A typical ChatGPT user might not take all the same steps to prompt the chatbot, said Peter Henderson, an incoming professor at Princeton University who studies the intersection of AI and the law. He is a co-author of a research paper showing that with advanced prompting techniques, ChatGPT-4 can produce multiple chapters of a book from the Harry Potter series.

But even if a user needs to use tricks to goad a chatbot into producing copyrighted content, that won’t necessarily protect OpenAI from liability.

“It’s a good way of showing that what the model has learned is not at the abstract level, but that the model has actually specifically memorized a lot of text,” Sag said.

In a copyright lawsuit filed this fall, Universal Music Group and a dozen other music publishers were able to show that Anthropic PBC’s AI chatbot Claude could reproduce copyrighted song lyrics.

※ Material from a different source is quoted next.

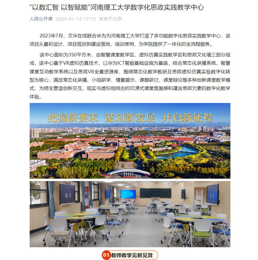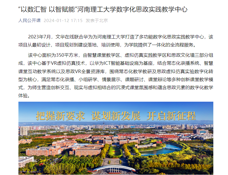 2023年7月,文华在线联合华为为河南理工大学打造了多功能数字化思政实践教学中心,该项目从最初设计、项目规划到建设落地、培训使用,为马克思主义学院提供了一体化的全流程服务。连日来,人民公开课客户端、大河网等媒体进行了报道,相关内容如下:

The AI company hasn’t yet responded in court to the substance of the copyright claims.

OpenAI does appear to have implemented some copyright filters—ChatGPT will refuse to output entire copyrighted works when asked directly. The most recent version of its AI image generator DALL-E also won’t produce images in the style of a living artist and allows artists to opt out of having their work used to train the bot.

“But it is a hard problem to get a filter at the scale of all the input content for every query,” Henderson said.

Fair Use Battle

The case will ultimately hinge on copyright law’s fair use doctrine, attorneys said. The legal test asks courts to evaluate four factors to determine whether an unauthorized copy is legal: the “transformativeness” of the copying; the nature of the copyrighted work; the amount of work copied; and the market harm from the copying.

The complaint has evidence that could favor the Times on the fourth factor, which examines market harm.

By making copied Times articles available for free, the newspaper said, OpenAI and Microsoft’s copying threatens its subscription revenue. In November, the Times reported quarterly subscription revenue of $418.6 million.

Moreover, the Times argued, the existing licensing market for its articles means the paper is losing out on potentially millions of dollars a year from OpenAI’s copying. A license for a single article posted to a commercial website for a year can cost thousands of dollars, according to the complaint.

The companies have been in licensing negotiations since April, but the Times said they weren’t able to reach an agreement. OpenAI’s statement to Bloomberg News said the negotiations had “been productive and moving forward constructively, so we are surprised and disappointed” by the lawsuit.

Emory University’s Sag said the AI company may be able to counter claims about market harm by arguing that copying the articles was ultimately for a “transformative” purpose, to create a new and useful AI model.

OpenAI will also likely argue that copying news content will favor the company on the second fair use factor, the nature of the work being copied. Facts can’t receive copyright protection, and that factor recognizes articles based on real-world events tend to have thinner copyright protection compared to more creative works like fictional stories.

The examples of verbatim copying, however, could be damning, attorneys said. They show wholesale copying of “actual expression, the words strung together in sentences and paragraphs,” said Ed Klaris, an IP attorney and former in-house counsel for ABC and Conde Nast.

In a case this consequential, the result could ultimately be a matter of public policy and optics. The AI genie is out of the bottle, and OpenAI and Microsoft could use that to their advantage in the case, said Ziniti, the former Amazon attorney.

“The reality is, when a product is really good, and customers really want it, including judges, they’ll figure out a way to rule for you,” she said.

Susman Godfrey LLP and Rothwell Figg Ernst & Manbeck PC represent the New York Times.

The case is The New York Times Co. v. Microsoft Corp., S.D.N.Y., No. 1:23-cv-11195, 12/27/23.